State Reconciliation is a two-way street

If you like this post, you can learn more about operators from my book, The Kubernetes Operator Framework Book.


Recently my team and I were working on a feature for our operator when we came across a state-reconciliation bug that was potentially serious. What’s worse, we almost didn’t catch it. This was especially surprising as a diverse team of developers that were both new and experienced with Kubernetes. The tl;dr was that it is important for an operator to watch both its inputs and outputs.

The bug we missed

For some background, the operand managed by our operator accepts a fairly complex configuration to set up. So, we were working on an operator that watched Custom Resources (created by the user) and generated a ConfigMap based on those CRs. This ConfigMap is then used by the operand component as the source of its runtime settings, and the Custom Resources abstract the complexity of the underlying config from the user.

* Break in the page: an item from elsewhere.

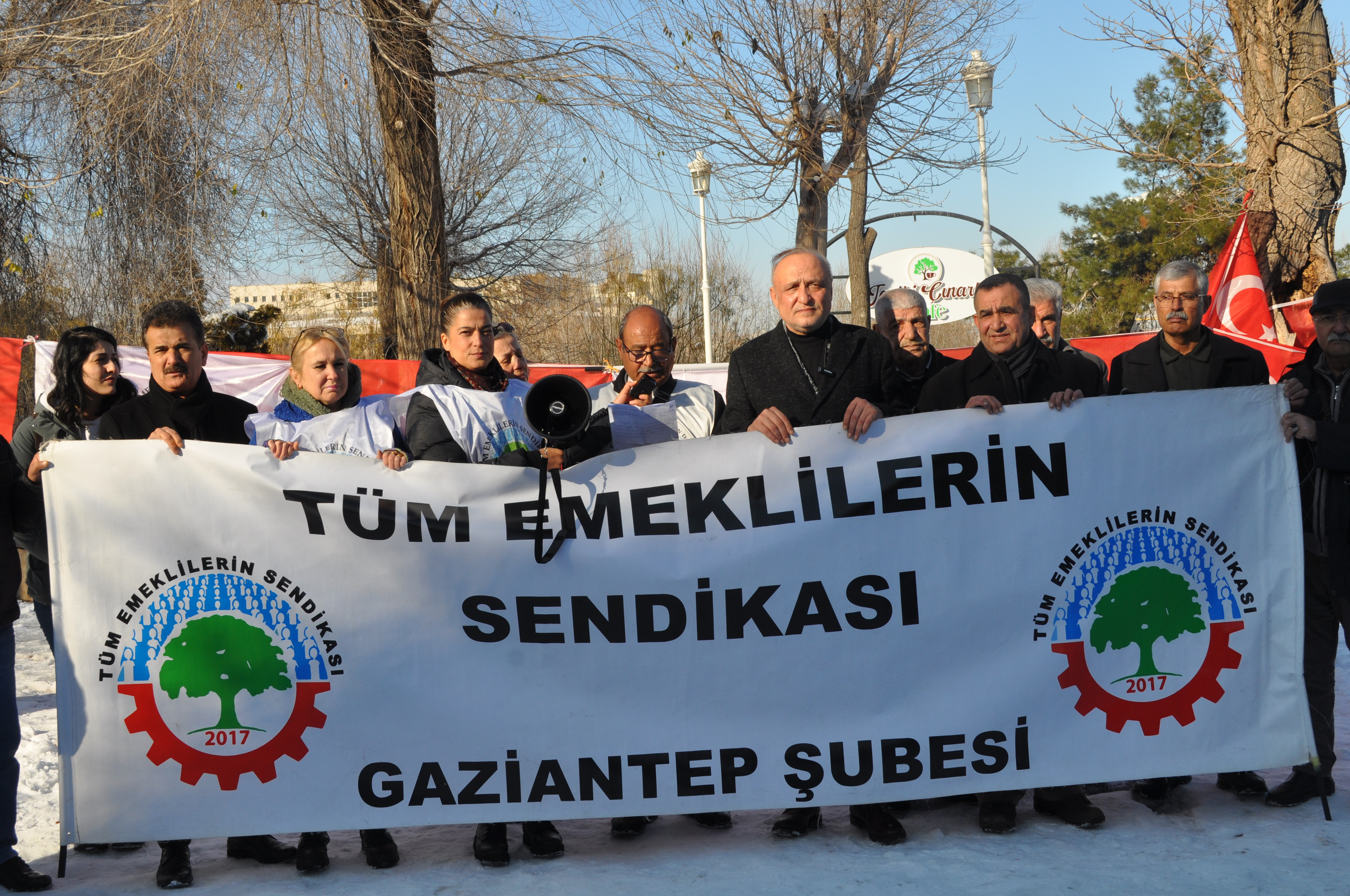 Tüm Emekliler Sendikası Gaziantep Şubesi Yeşilsu Parkında Emekli Zamları için Basın açıklaması düzenledi

While making changes around the code that generated the ConfigMaps, we almost introduced a regression in which the operator would have stopped watching the generated ConfigMaps that it wrote. Thankfully, this was caught before the code merged. But it was only noticed by chance during code review, when it was something an automated pre-merge test should have caught.

Why is this important?

From a happy-path perspective, the operator worked fine. The user would create their CR, the operator would notice it, and the ConfigMap would be generated. If the user made any changes to their CR, those would be picked up too.

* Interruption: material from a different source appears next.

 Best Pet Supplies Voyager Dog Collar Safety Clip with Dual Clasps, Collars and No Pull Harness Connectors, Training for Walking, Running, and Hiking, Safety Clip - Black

But what if something happened to generated ConfigMap? Say an accidental kubectl delete on the ConfigMap shuts down the component. Or worse, an attacker inserts their own malicious settings directly into the ConfigMap. If the operator isn’t keeping an eye on its output (just as it does with its input) then it can’t recover from situations like this. In this case, it is effectively useless as a state reconciliation controller.

State Reconciliation in Kubernetes

State reconciliation is not just an operator topic, it is one of the foundational concepts of Kubernetes. In my book, I briefly discuss this idea in comparing operators to built-in Kubernetes controllers:

These controllers work by monitoring the current state of the cluster and comparing it to the desired state. One example is a ReplicaSet with a specification to maintain three replicas of a Pod. Should one of the replicas fail, the ReplicaSet quickly identifies that there are now only two running replicas. It then creates a new Pod to bring stasis back to the cluster.

In this example, the ReplicaSet controller that’s watching the whole cluster has an input and an output:

  • Input: The spec.replicas field on the ReplicaSet object, where the user says how many replicas they want. This is the desired state of the cluster.
  • Output: The Pods created by the ReplicaSet controller that are now running in the cluster. This represents the actual state of the cluster.

The reconciliation of desired state vs actual state is a core function of Kubernetes. It’s almost taken for granted that Kubernetes will always maintain the number running Pods in the cluster to match the number you’ve set in your ReplicaSet (or Deployment).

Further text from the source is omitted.